Lumayo Ka Nga Sa Akin (Get Away from Me) is a series of satirical parody novel by Filipino writer Bob Ong, published in 2011 by Visprint Inc. The book, which was written in a screenplay form, is divided into three parts.

In a recent interview with The Philippine Star, Ong explained that the book is "basically all about the ills of mass media that you wish would change. It's mainly about, but not limited to, Pinoy movies. It's the insanity and absurdity of our lives, our concept of entertainment, misplaced values, commercialism, and thoughtless existence as reflected through our abuse of art.

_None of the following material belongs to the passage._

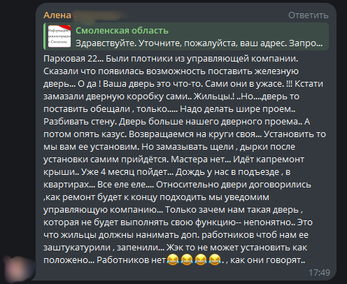 “Естественно, дверь косая, не закрывается. Своей функции не выполняет. Но и на том спасибо! Хоть в подъезд ветер меньше дует, и дождь не льет струей. А вы тут рассказываете об утепленной, обшитой, стальной…” – пишет смолянка.

It is laughable, but more deplorable".

Synopsis

The book is divided into three "short films", each one pokes fun to a particular genre.

Bala Sa Bala, Kamao Sa Kamao, Satsat Sa Satsat

The first film in the trilogy centers around Diego, an action star who wants to take revenge against a group of bad guys, also known as "Bandidos" (bandits), after they killed his parents, his wife, Ashley, and everyone  who attended their wedding, just a few moments right after they get married at the beginning of the film. As the story unfolds, Diego, being an action star, gets into misadventures and finds himself in trouble-after-trouble. Unfortunately, Divina Tuazon, a famous actress and Diego's new found leading lady, was kidnapped by the Bandidos. Finally, in an abandoned warehouse (a setting where most of Pinoy action films' final scenes takes place), Diego tries to save Divina from the evil hands of Bandido's merciless and heartless leader named "Bos".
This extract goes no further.